7. The method according to claim 6, wherein based on soft-attention mechanism, soft attention vectors are respectively calculated according to the intermediate text characterization feature, the intermediate audio characterization feature and the intermediate video picture characterization feature, and the text characterization feature, the audio characterization feature and the video picture characterization feature are weighted based on the soft attention vectors, and are expressed by the following formulas:

wherein L is ^o Representing the final text characterizing feature, A, obtained by weighting ^o Representing the final audio characterizing feature, V, obtained by weighting ^o Representing the weighted final video picture characterizing feature, α ^L Soft attention vector, alpha, representing a characteristic of a text representation ^A Soft attention vector, alpha, representing a characteristic of an audio feature ^V Soft attention vector representing the characteristic features of the video picture, softmax representing a normalized exponential function,

represents an intermediate text characterization feature, and->

Represents an intermediate audio characterizing feature, and->

Represents a characteristic feature of the intermediate video frame, and/or>

Presentation textCharacteristic of the ith sentence in the text, based on the comparison of the characteristic value of the ith sentence in the text and the value of the word or phrase>

Represents a characteristic of the ith audio segment, is greater than>

Features representing the ith video frame, l _i Representing the ith text weighted hyper-parameter, a _i Representing the ith audio weighted hyperparameter, v _i Representing the ith video picture weighting hyperparameter.

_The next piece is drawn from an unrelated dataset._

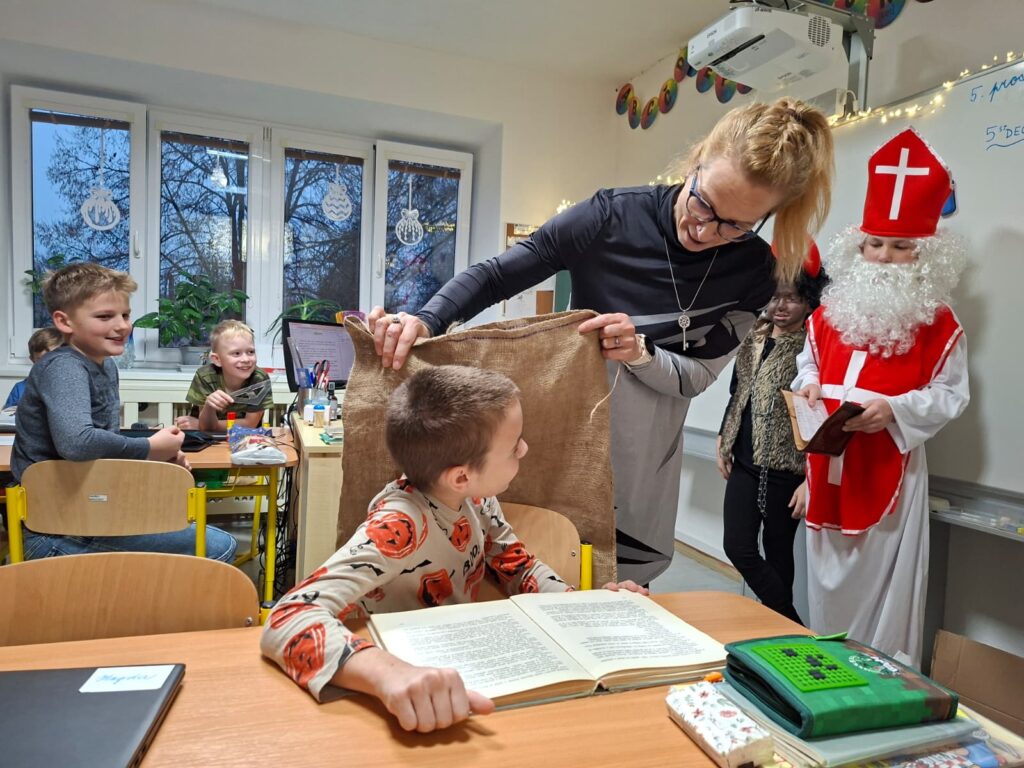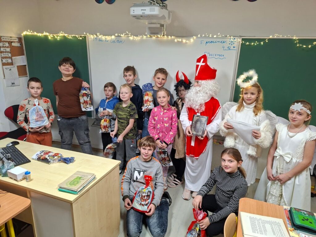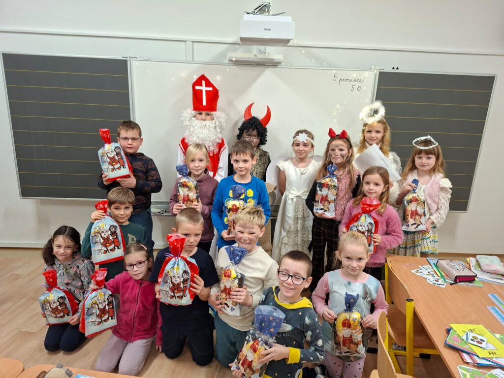 V pátek naši školu navštívil Mikuláš se svými pomocníky. Přinesli žákům balíček naplněný sladkostí, ovocem, hračkou a dalšími drobnými radostmi.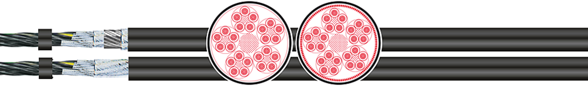 | Общая скрутка | ≤ 11 жилы скручены в слои, ≥ 12 жиры скручены в пучки, каждый элемент в спец скользящей PTFE-обмотке |

8. The method according to claim 6, wherein the final text characterization feature, the final audio characterization feature and the final video picture characterization feature are subjected to layer normalization weighting fusion based on a fusion weight matrix obtained in advance, and are expressed by the following formula:

predicted _y ＝LayerNorm(W _L L ^o +W _A A ^o +W _v V ^o )；

9. An inter-modal joint encoding apparatus based on a transform, comprising:

the text feature extraction module is used for extracting text features of the video to be analyzed;

10. An electronic device comprising a processor and a memory means, wherein a plurality of instructions are stored in the memory means, and wherein the processor is configured to read the plurality of instructions from the memory means and to perform the method according to any one of claims 1 to 8.